▶ Task instructions:
No pictures belong in the copy. Retype exactly, and only, the stretch of lines below from the one with "Victorian Trade Card" through the one with "LongDesc - Work".

---------- Source material

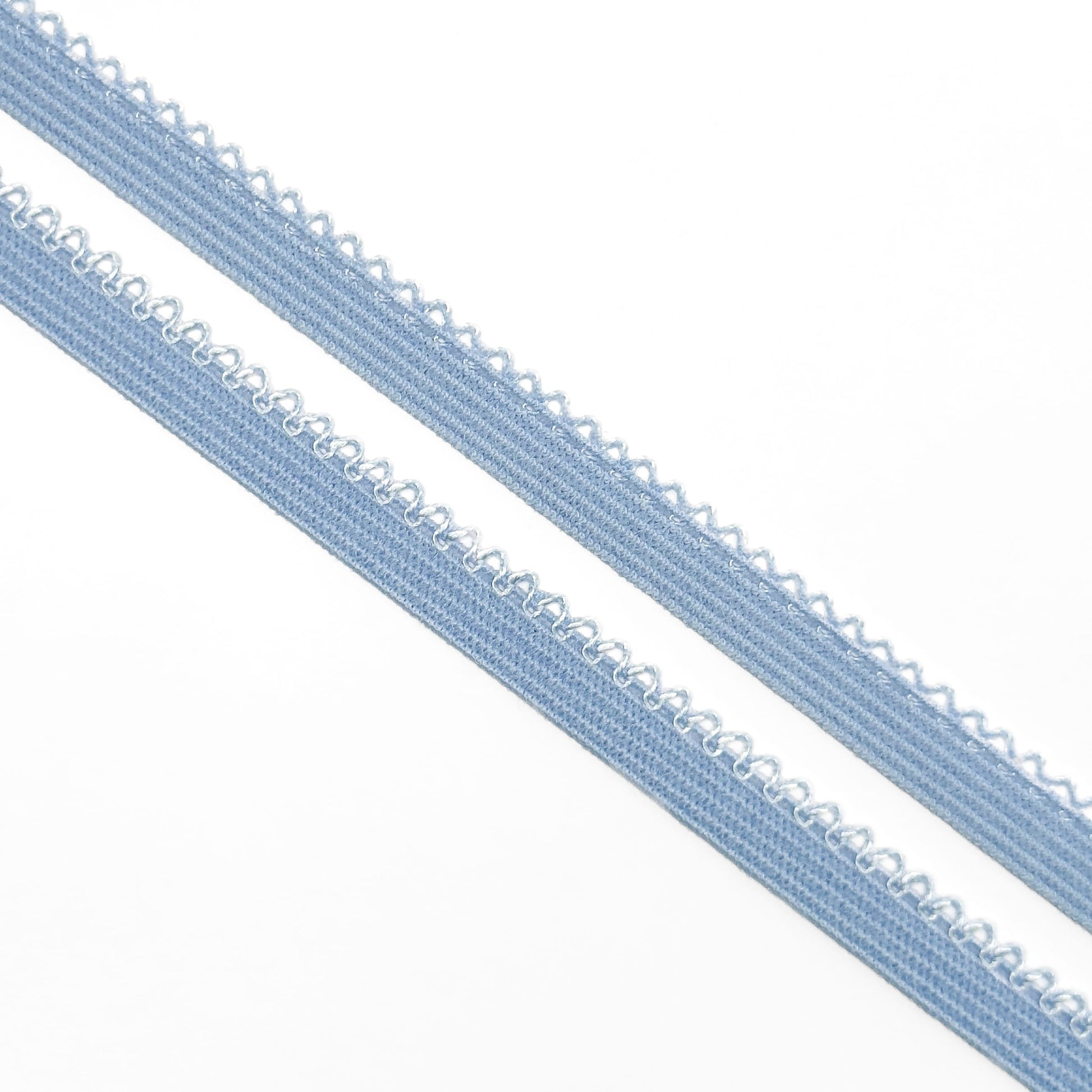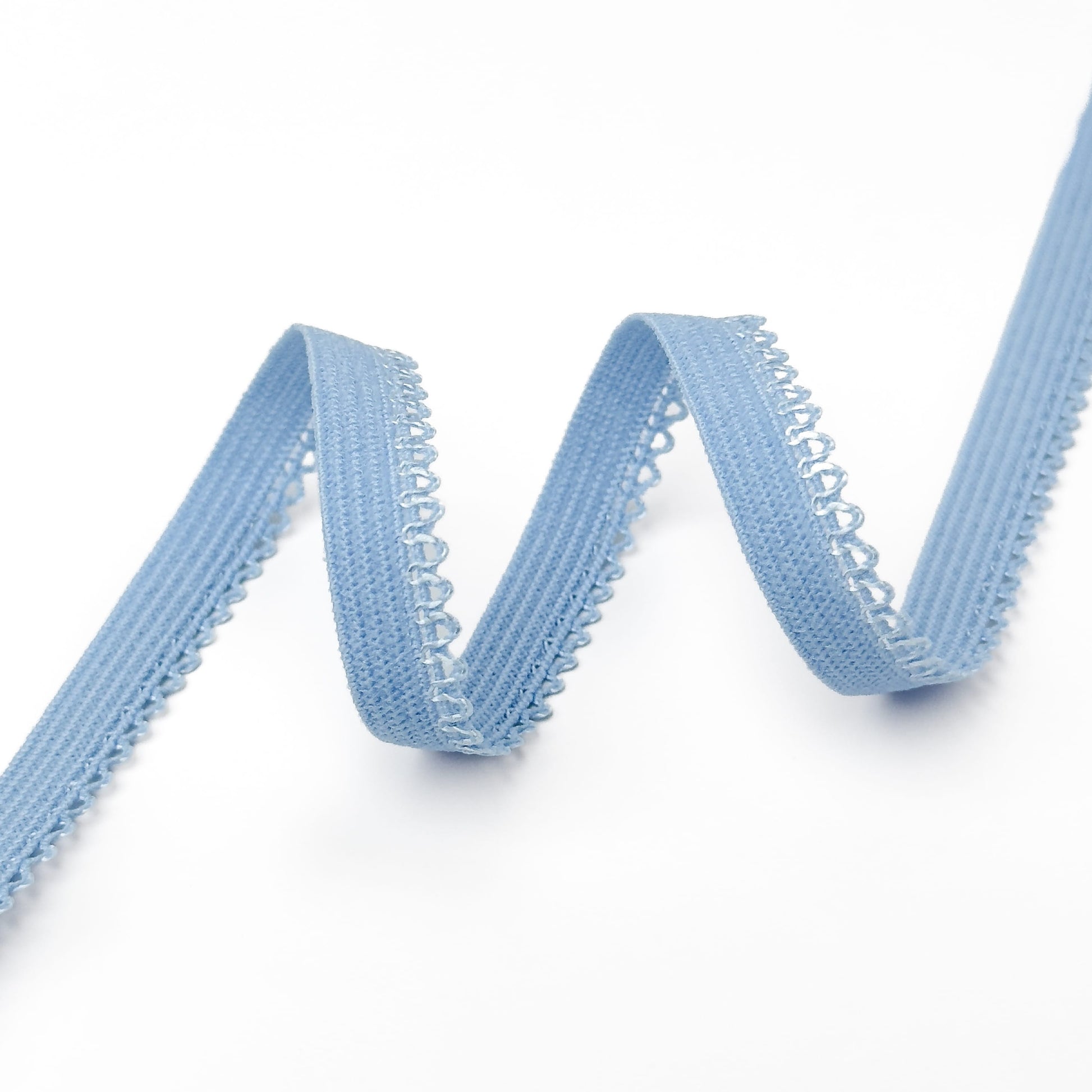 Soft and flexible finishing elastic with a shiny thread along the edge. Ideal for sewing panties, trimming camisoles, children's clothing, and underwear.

--------------------
---------- Source material

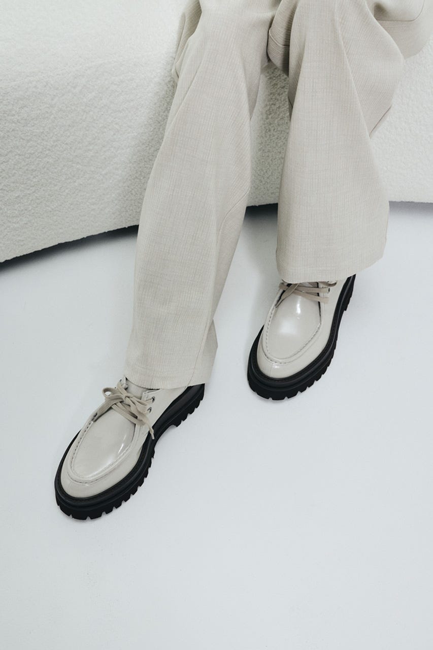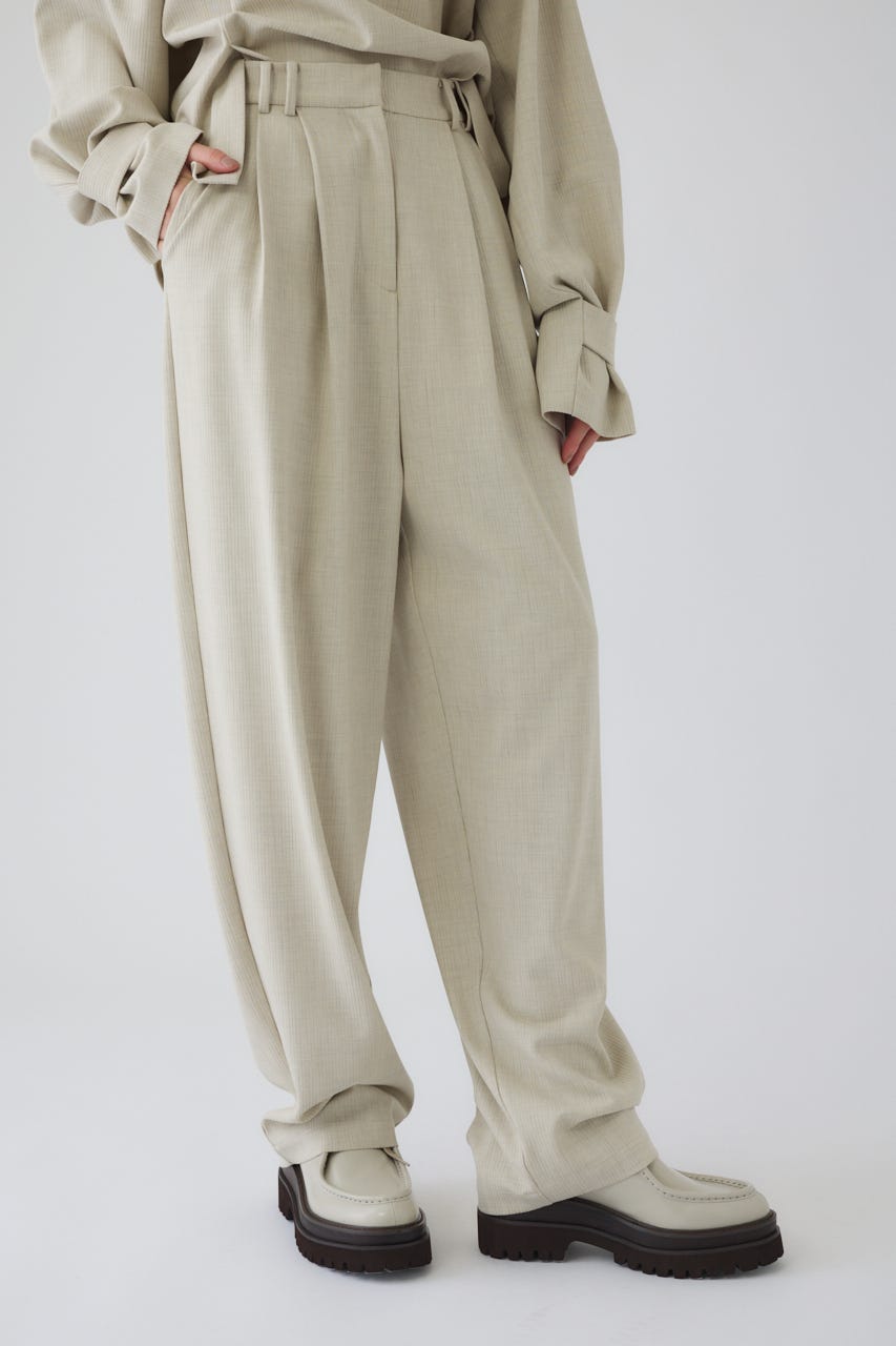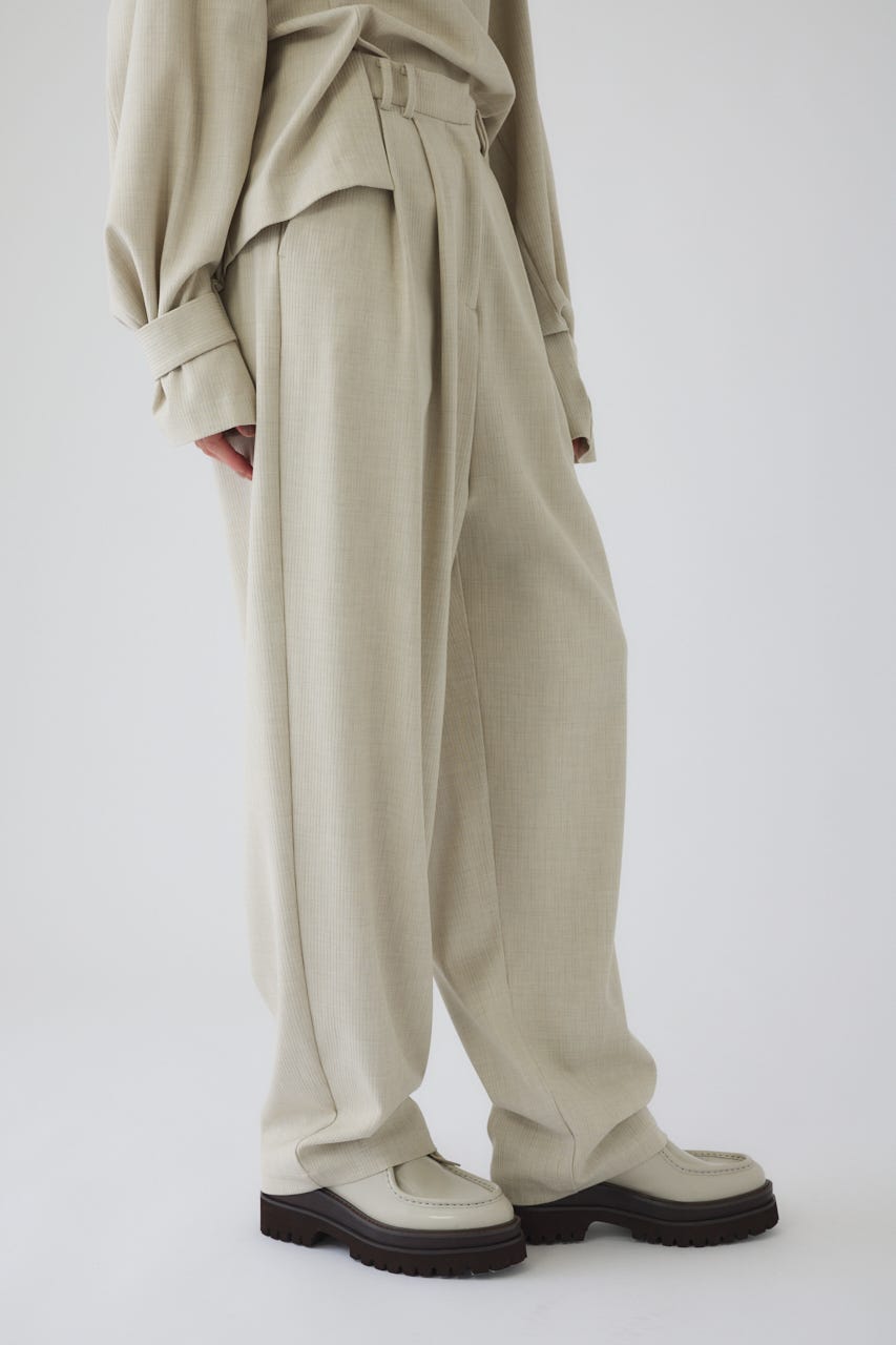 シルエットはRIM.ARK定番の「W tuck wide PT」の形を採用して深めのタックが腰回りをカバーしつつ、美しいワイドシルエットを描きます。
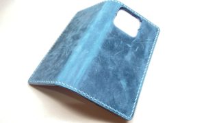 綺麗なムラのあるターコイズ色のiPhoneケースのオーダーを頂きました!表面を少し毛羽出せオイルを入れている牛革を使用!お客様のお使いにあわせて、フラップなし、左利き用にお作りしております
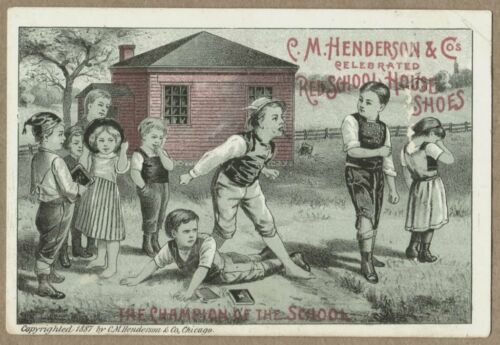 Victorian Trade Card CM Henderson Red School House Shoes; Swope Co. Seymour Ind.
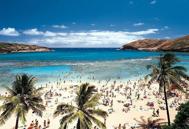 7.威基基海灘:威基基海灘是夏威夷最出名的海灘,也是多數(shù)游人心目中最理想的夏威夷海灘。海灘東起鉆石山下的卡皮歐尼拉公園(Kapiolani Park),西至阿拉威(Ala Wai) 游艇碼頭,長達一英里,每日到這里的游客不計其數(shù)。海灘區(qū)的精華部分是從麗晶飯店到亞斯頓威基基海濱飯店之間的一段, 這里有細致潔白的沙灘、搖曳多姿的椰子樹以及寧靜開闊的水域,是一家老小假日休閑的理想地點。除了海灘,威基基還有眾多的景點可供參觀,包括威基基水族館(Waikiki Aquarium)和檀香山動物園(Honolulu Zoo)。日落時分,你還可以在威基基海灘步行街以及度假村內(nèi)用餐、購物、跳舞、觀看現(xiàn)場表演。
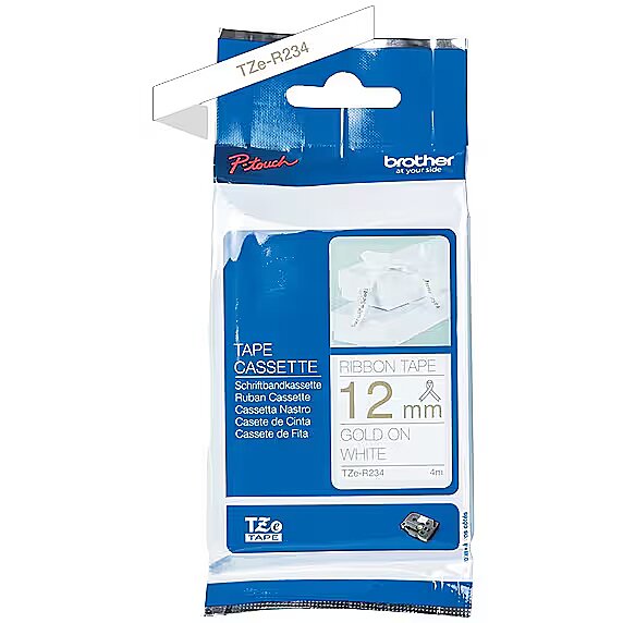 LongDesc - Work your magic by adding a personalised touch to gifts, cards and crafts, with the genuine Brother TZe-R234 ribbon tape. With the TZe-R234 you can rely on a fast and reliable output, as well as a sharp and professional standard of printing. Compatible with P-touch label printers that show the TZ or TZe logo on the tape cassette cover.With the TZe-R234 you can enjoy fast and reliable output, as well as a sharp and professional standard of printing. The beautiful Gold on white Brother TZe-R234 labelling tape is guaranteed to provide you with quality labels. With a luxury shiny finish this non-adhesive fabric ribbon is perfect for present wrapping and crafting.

--------------------

▶ Expected answer:
 Victorian Trade Card CM Henderson Red School House Shoes; Swope Co. Seymour Ind.
 7.威基基海灘:威基基海灘是夏威夷最出名的海灘,也是多數(shù)游人心目中最理想的夏威夷海灘。海灘東起鉆石山下的卡皮歐尼拉公園(Kapiolani Park),西至阿拉威(Ala Wai) 游艇碼頭,長達一英里,每日到這里的游客不計其數(shù)。海灘區(qū)的精華部分是從麗晶飯店到亞斯頓威基基海濱飯店之間的一段, 這里有細致潔白的沙灘、搖曳多姿的椰子樹以及寧靜開闊的水域,是一家老小假日休閑的理想地點。除了海灘,威基基還有眾多的景點可供參觀,包括威基基水族館(Waikiki Aquarium)和檀香山動物園(Honolulu Zoo)。日落時分,你還可以在威基基海灘步行街以及度假村內(nèi)用餐、購物、跳舞、觀看現(xiàn)場表演。
 LongDesc - Work your magic by adding a personalised touch to gifts, cards and crafts, with the genuine Brother TZe-R234 ribbon tape. With the TZe-R234 you can rely on a fast and reliable output, as well as a sharp and professional standard of printing. Compatible with P-touch label printers that show the TZ or TZe logo on the tape cassette cover.With the TZe-R234 you can enjoy fast and reliable output, as well as a sharp and professional standard of printing. The beautiful Gold on white Brother TZe-R234 labelling tape is guaranteed to provide you with quality labels. With a luxury shiny finish this non-adhesive fabric ribbon is perfect for present wrapping and crafting.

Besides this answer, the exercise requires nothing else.